Per l’anno che si sta concludendo, il governo riuscirà probabilmente a non sforare il 3 per cento del deficit in rapporto al Pil, grazie alle modifiche introdotte dall’Istat con il passaggio al nuovo sistema dei conti nazionali. La  rivalutazione del prodotto, ma soprattutto l’esclusione dagli interessi passivi degli oneri sui contratti derivati hanno, infatti, evitato una ricaduta nella procedura per deficit eccessivi per violazione del Patto di stabilità e crescita.

Archiviata la pratica, l’attenzione si è spostata sui disegni di legge Stabilità e Bilancio, che l’articolo 7 della legge 196/2009 prevede siano presentati alle Camere entro il 15 ottobre, ma che sono approdati in Parlamento solo nella giornata di sabato 25.

Contemporaneamente, secondo il calendario previsto dal regolamento UE n. 473/2013 in vigore dallo scorso anno, il Governo ha anche trasmesso a Bruxelles il Documento programmatico di bilancio (DPB).

Al termine di 10 giorni, durante i quali la Commissione europea ha contestato all’Italia la deviazione dal percorso di aggiustamento verso l’obiettivo di medio termine (il pareggio di bilancio strutturale, cioè al netto degli effetti negativi del ciclo economico), la Ragioneria Generale dello Stato ha esitato ad apporre il visto di conformità (“bollinatura”) e il Quirinale ha preso tempo per controfirmare i provvedimenti, i due disegni di legge hanno finalmente visto la luce.
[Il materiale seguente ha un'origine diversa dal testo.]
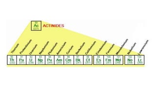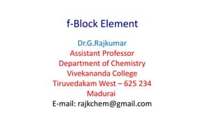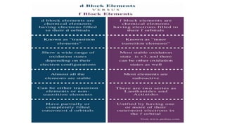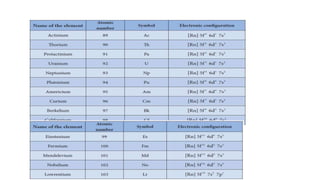 The document provides an overview of f-block elements, specifically lanthanides and actinides, detailing their electronic configurations, oxidation states, and properties. Lanthanides, characterized by a common +3 oxidation state and a gradual lanthanoid contraction, show decreasing ionic and atomic radii across the series, affecting their chemical behavior and separation. Actinides, with more variable oxidation states, are primarily recognized for their radioactive properties and applications in energy generation and nuclear technology.

Nel frattempo – con un numero degno dei migliori illusionisti – vuoi per le pressioni dall’Europa, vuoi per le obiezioni del Ragioniere Generale, i numeri sono cambiati e non è più la manovra da 36 miliardi di euro, di cui 11 di spesa a deficit, che Renzi aveva orgogliosamente illustrato a suon di slide nella conferenza stampa del 15 ottobre e di cui si è parlato per diversi giorni.
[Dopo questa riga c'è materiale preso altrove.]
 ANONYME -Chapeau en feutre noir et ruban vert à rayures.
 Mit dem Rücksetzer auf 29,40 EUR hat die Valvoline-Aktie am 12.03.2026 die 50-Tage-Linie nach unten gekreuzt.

Tanto per fare un esempio, la decontribuzione integrale della componente lavoro dall’Irap farà risparmiare alle imprese 2,7 miliardi e non 5 come promesso.

Il nodo principale resta, però, quello delle coperture, in quanto i tagli alla spesa dello Stato centrale e degli enti locali, il recupero dall’evasione fiscale, i proventi dalla tassazione delle slot machine e delle rendite, appaiono fin troppo aleatori.
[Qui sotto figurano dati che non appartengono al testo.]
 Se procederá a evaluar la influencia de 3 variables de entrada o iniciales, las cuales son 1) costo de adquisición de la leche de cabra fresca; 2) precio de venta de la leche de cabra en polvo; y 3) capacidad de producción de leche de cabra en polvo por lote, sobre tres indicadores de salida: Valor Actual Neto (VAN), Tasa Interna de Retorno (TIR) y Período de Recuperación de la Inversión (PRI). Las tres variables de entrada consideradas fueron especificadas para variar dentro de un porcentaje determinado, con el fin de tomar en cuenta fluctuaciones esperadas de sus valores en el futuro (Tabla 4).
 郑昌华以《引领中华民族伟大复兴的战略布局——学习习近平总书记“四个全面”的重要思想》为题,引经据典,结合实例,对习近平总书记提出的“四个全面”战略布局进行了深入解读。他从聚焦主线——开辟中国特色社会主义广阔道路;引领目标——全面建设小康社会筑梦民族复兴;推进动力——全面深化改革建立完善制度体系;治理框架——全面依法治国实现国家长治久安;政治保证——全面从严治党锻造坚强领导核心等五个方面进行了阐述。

Sono elevate, quindi, le probabilità che scattino le clausole di salvaguardia che consistono in aumenti delle aliquote Iva e delle accise sui carburanti.
Se ciò avvenisse, il taglio delle tasse sarebbe finanziato con nuove tasse, senza presumibili effetti redistributivi.

Ciò non sembra aver scalfito l’ottimismo del Governo che ha risposto alla Commissione europea difendendo il proprio operato e proponendo come contropartita una riduzione dello 0,3 del deficit/Pil.

Il clima della Leopolda sembra aver contagiato anche il Ministero dell’Economia e non è da escludere di vedere il ministro Padoan, con le treccine rasta, aggirarsi per i corridoi di via XX Settembre intonando Everything’s gonna be alright. Sperando che gli italiani ci credano.